The individual heart-shaped boxes of chocolates and Valentine’s Day cards provided my kids a greater-than-expected distraction from eating breakfast and finishing their morning preparations for school.

The night before, a last-minute invitation threw a curve in our typical school vigil organization routine when our five-year-old Benjamin’s basketball coach invited him and his teammates to attend the Wichita State University men’s basketball game.  Consequently, in the morning we were scouring to find three red shirts the kids got to wear with jeans as a reward for a successful blood drive. Meanwhile, Gianna was scrambling to finish her last few Valentines card.

Despite their protests and requests for one minute more, I had to insist that everyone stop what they are doing, brush teeth, and get in the van to avoid getting pink tardy slips.
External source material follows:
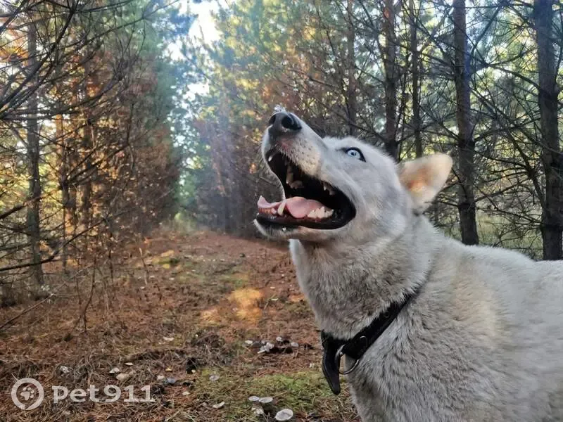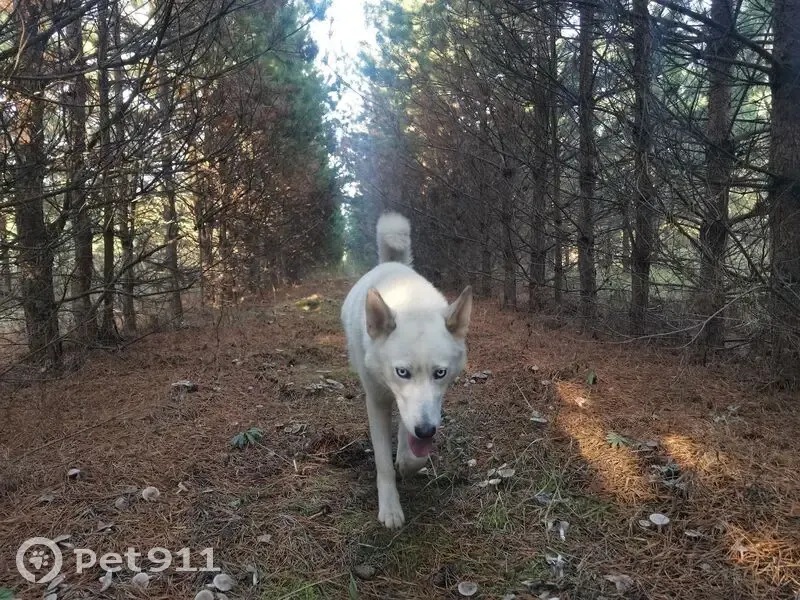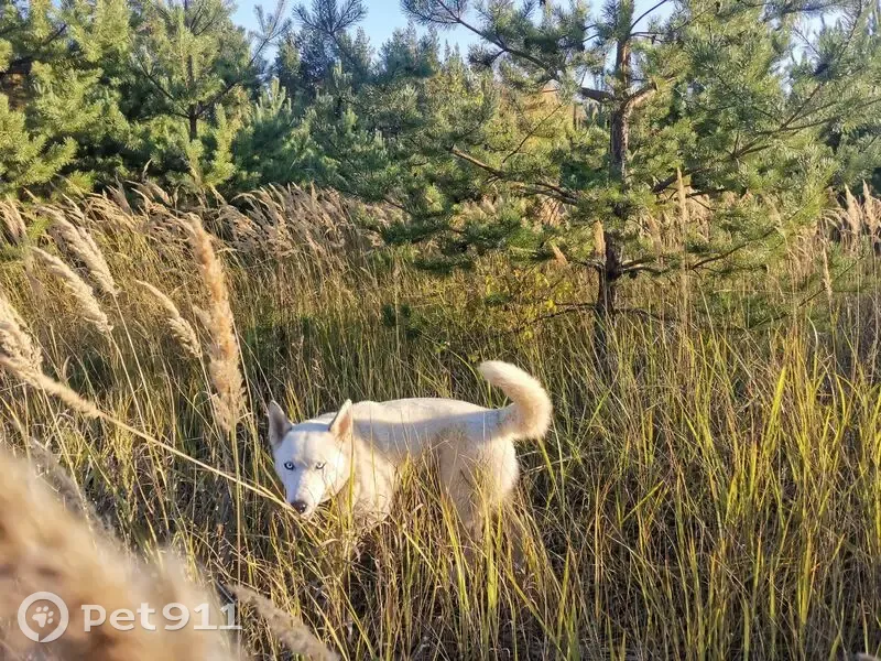 Помесь хаски и лайки. Белая шерсть, голубые глаза, хвост обычно поднятый. Чёрный ошейник. Приветливая, даёт себя погладить незнакомцам. Убежала после проблемных родов. Возможно, сзади заметны послеродовые выделения. Из-за этого может быть в окружении стаи псов. Нуждается в лечении.

As we backed out of the drive, I saw a flurry of papers swirl in the air on the passenger side of the van.  My husband had accidently left a stack on our vehicle.  I urged Ian to collect the papers.  As soon as the van door was closed, I put my foot on the gas as we sped off to school.

But looking in the rear view mirror Ian had only collected a third of Joe’s papers.  The rest were scattered at the end of the driveway.  I quickly assessed my options: do I go back and pick up the papers, making the kids be late for school, or since there was no wind do I leave them there and pick them up when I get back?  It was a rare occasion that I did not bring my cell phone with me, so I couldn’t call Joe to alert him about the papers.  I opted to take the kids to school and come back for the papers.

But when I drove back down our street there were no trace of the papers.  Joe freaked when I told him and went into panic looking for the critical documents.  I felt bad and started to second guess my choice.

Looking at the lose –lose propositions I had to pick from, I concluded that my contribution to the chaos was the razor-thin margins I often have in my life.  If we had some extra time to buffer the distractions, I would have been in a position both to pick up all of my husband’s papers and get the kids to school on time.
Joe walked in the kitchen, relieved with a handful of papers.  He told me that we have a neighborhood angel.

I’m still working out how to show each member of my family consideration and love while juggling everything else.   I’m grateful God still provides the heavenly support we often need to make things work.

Catholic Women’s Guide to Healthy Relationships Tip:  Do the margins in your life allow you to love under pressure?